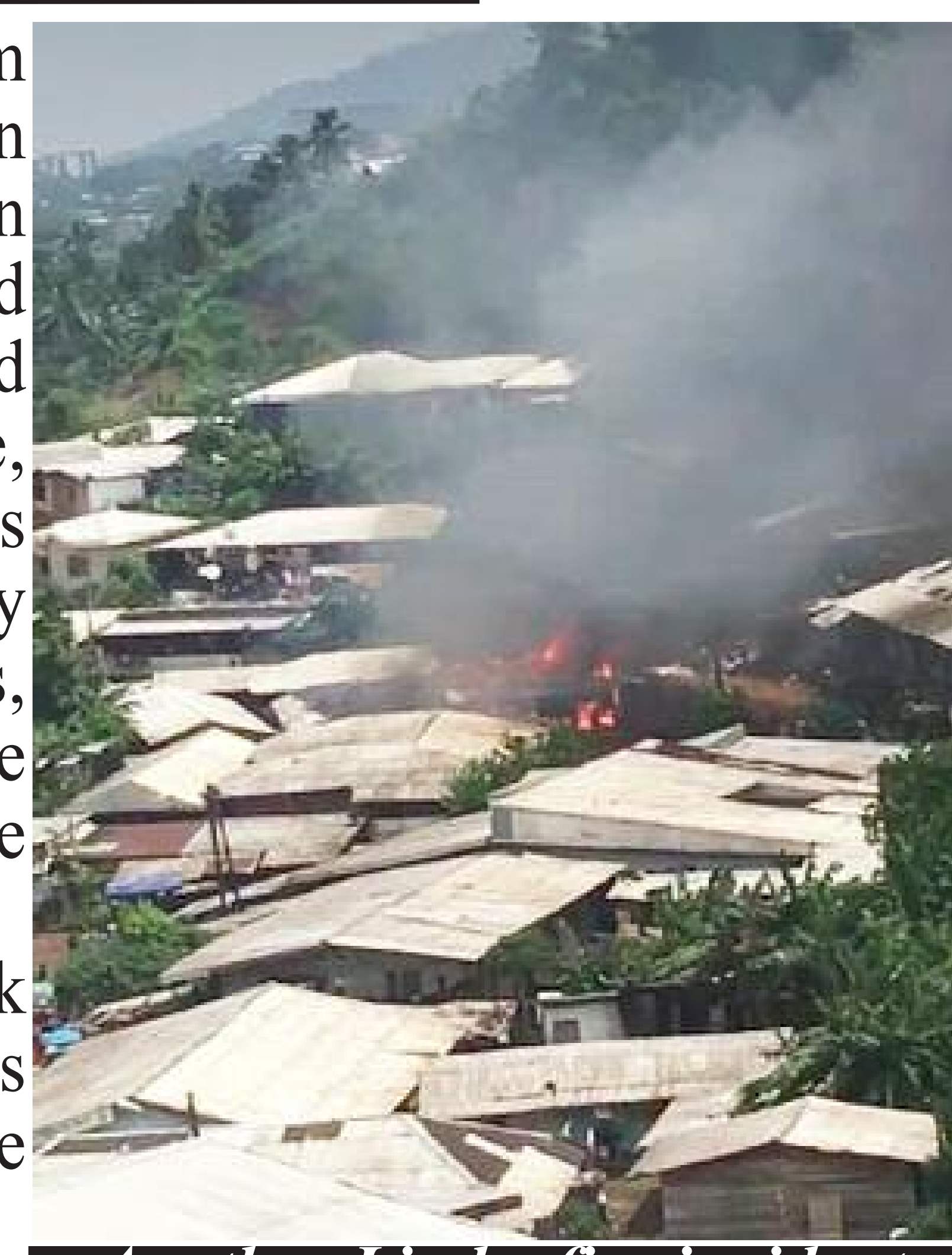
Another Limbe fire incident incurs much material damage

Fire incidents in the city of Limbe are not new, their sources usually unknown!
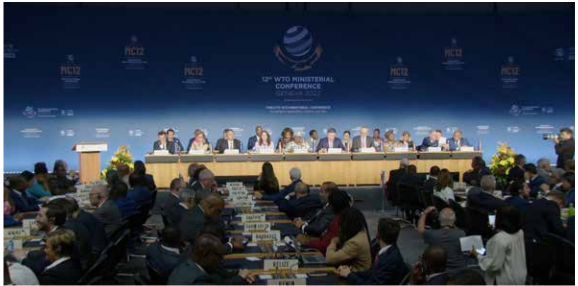
The World Trade Organization's 12th Ministerial Conference in Geneva, Switzerland, June 12, 2022.
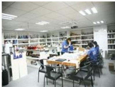
Sample Room 1
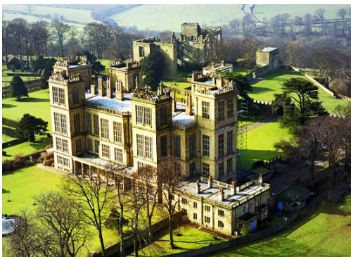
Hardwick Hall, Leeds

Lunch at The Great Barn restaurant at Hardwick Hall; alternatively guests can picnic in the grounds.
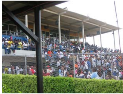
Caymanas Racetrack filled to capacity
★ ★ ★ ★ ★ ★ ★
| REQUIRED ACTION |
Verbatim copy with pictures excluded: write out the records above in full.

| ANSWER AREA |
Another Limbe fire incident incurs much material damage

Fire incidents in the city of Limbe are not new, their sources usually unknown!
The World Trade Organization's 12th Ministerial Conference in Geneva, Switzerland, June 12, 2022.
Sample Room 1
Hardwick Hall, Leeds

Lunch at The Great Barn restaurant at Hardwick Hall; alternatively guests can picnic in the grounds.
Caymanas Racetrack filled to capacity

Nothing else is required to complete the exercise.